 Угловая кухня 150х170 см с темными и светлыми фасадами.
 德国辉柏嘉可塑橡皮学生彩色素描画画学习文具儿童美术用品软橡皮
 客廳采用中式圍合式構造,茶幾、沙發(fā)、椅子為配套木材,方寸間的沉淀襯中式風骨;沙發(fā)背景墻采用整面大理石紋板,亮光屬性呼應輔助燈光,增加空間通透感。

·····

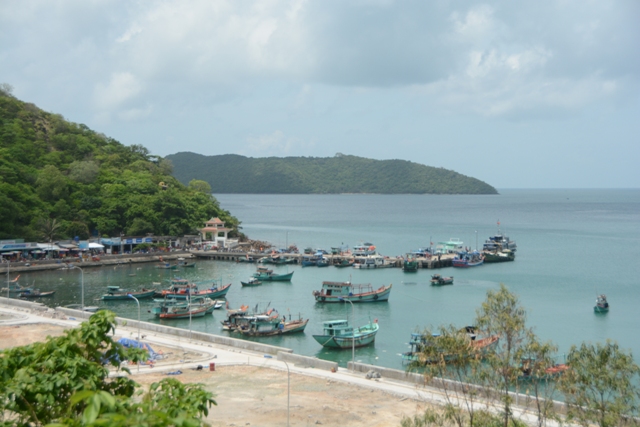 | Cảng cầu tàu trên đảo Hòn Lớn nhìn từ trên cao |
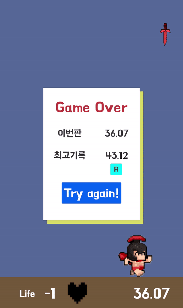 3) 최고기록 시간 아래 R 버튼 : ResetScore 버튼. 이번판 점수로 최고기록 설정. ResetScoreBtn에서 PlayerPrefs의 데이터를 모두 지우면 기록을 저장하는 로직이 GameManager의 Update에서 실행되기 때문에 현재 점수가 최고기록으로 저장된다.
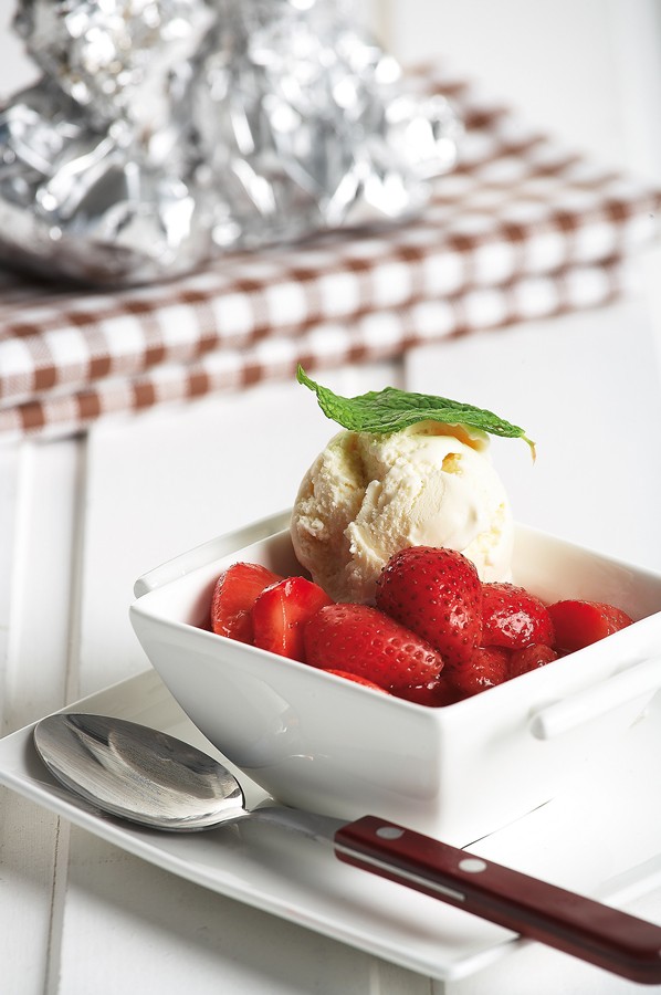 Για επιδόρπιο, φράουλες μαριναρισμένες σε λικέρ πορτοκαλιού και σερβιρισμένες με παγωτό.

·····

- [WHAT TO WORK ON]:
Print again the lines of the entries above that fall between the line holding "Угловая кухня 150х170" and the line holding "客廳采用中式圍合式構造,茶幾", inclusive, exactly as they stand.

- [ANSWER TO THE EXERCISE]:
 Угловая кухня 150х170 см с темными и светлыми фасадами.
 德国辉柏嘉可塑橡皮学生彩色素描画画学习文具儿童美术用品软橡皮
 客廳采用中式圍合式構造,茶幾、沙發(fā)、椅子為配套木材,方寸間的沉淀襯中式風骨;沙發(fā)背景墻采用整面大理石紋板,亮光屬性呼應輔助燈光,增加空間通透感。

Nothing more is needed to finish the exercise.